*What is being asked*. Only those lines in the data below from the line containing "Острие – Мозайкова" through the line containing "针对第二节课,来自温州人文高", both included, should be restated word for word.

### Supplied material

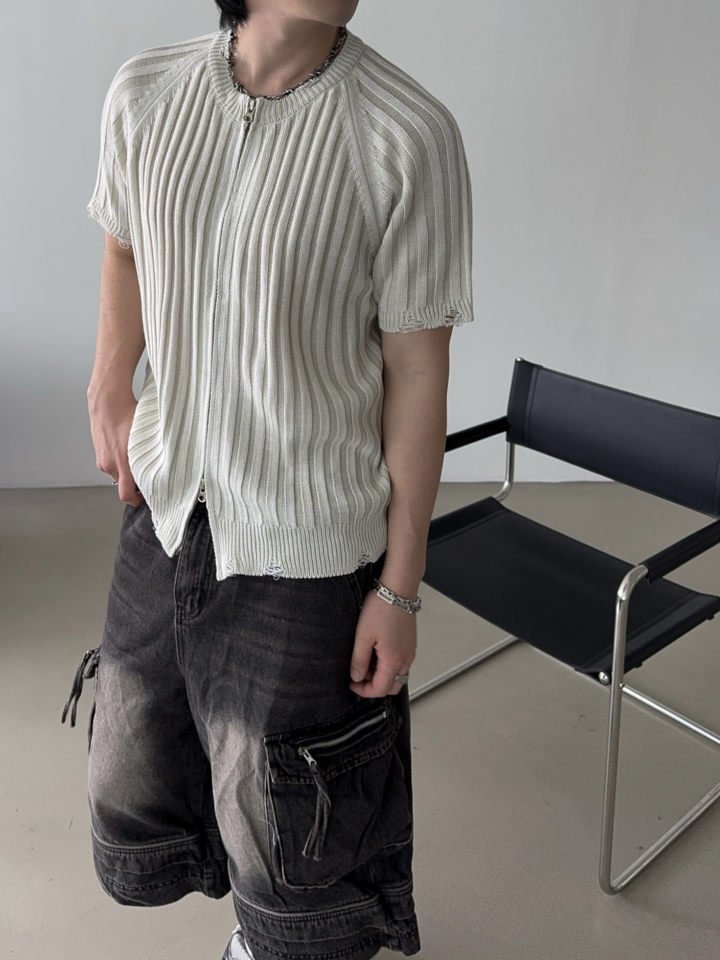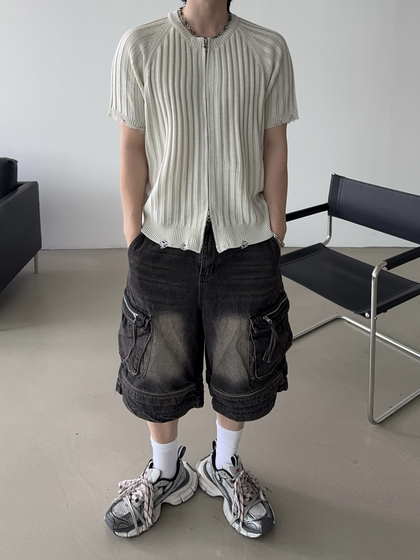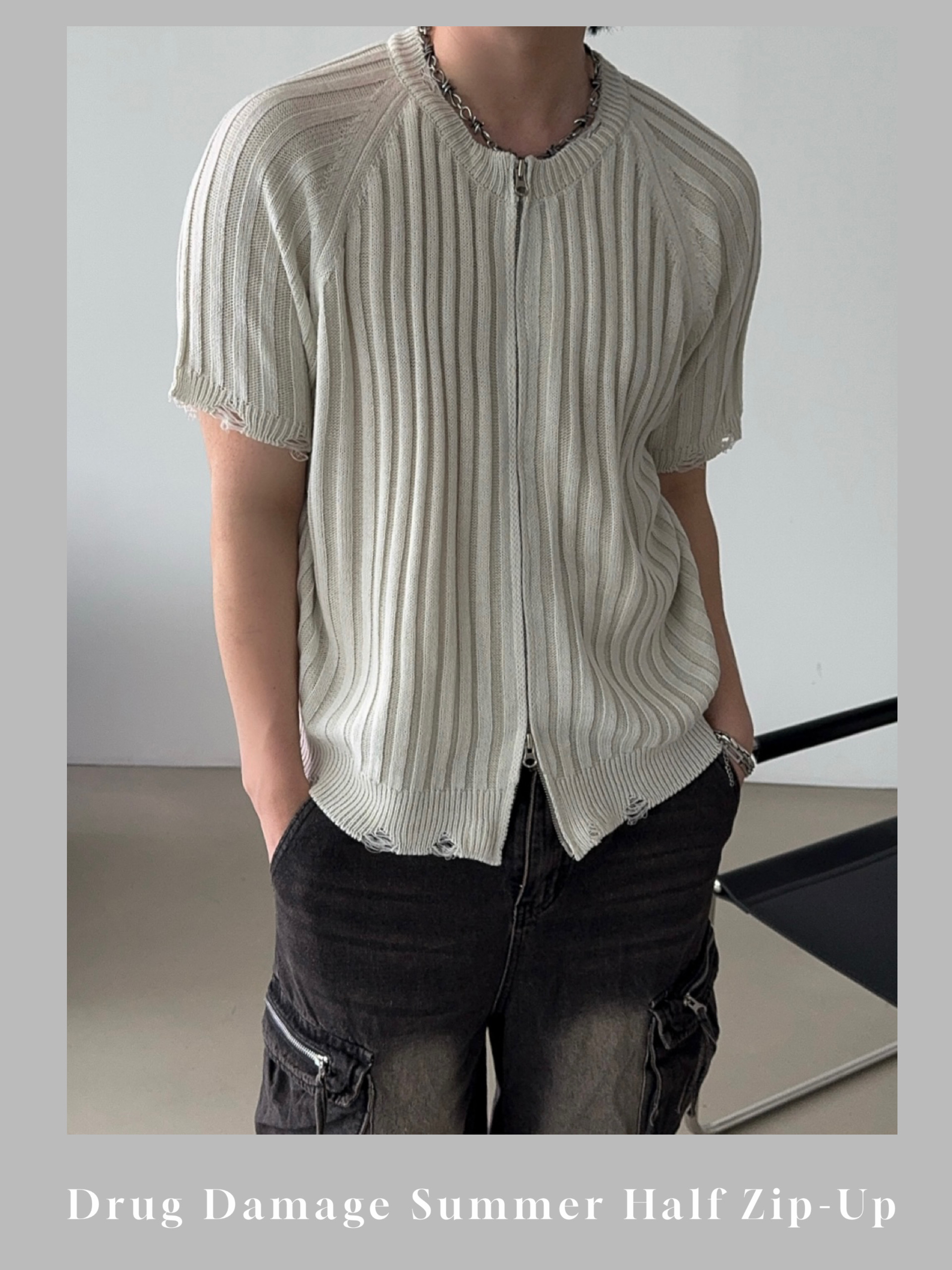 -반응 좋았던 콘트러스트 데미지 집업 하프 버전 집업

######
### Supplied material

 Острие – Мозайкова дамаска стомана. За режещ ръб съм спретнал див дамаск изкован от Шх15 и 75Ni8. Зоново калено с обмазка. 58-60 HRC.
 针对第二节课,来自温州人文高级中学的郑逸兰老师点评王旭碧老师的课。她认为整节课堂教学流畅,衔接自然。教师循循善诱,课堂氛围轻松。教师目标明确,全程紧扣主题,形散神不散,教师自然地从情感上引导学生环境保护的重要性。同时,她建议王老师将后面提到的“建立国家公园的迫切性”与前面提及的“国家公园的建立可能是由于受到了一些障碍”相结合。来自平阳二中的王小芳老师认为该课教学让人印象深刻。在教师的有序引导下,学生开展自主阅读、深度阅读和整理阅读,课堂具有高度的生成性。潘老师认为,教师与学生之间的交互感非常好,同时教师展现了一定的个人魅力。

######

*Written response*.
 Острие – Мозайкова дамаска стомана. За режещ ръб съм спретнал див дамаск изкован от Шх15 и 75Ni8. Зоново калено с обмазка. 58-60 HRC.
 针对第二节课,来自温州人文高级中学的郑逸兰老师点评王旭碧老师的课。她认为整节课堂教学流畅,衔接自然。教师循循善诱,课堂氛围轻松。教师目标明确,全程紧扣主题,形散神不散,教师自然地从情感上引导学生环境保护的重要性。同时,她建议王老师将后面提到的“建立国家公园的迫切性”与前面提及的“国家公园的建立可能是由于受到了一些障碍”相结合。来自平阳二中的王小芳老师认为该课教学让人印象深刻。在教师的有序引导下,学生开展自主阅读、深度阅读和整理阅读,课堂具有高度的生成性。潘老师认为,教师与学生之间的交互感非常好,同时教师展现了一定的个人魅力。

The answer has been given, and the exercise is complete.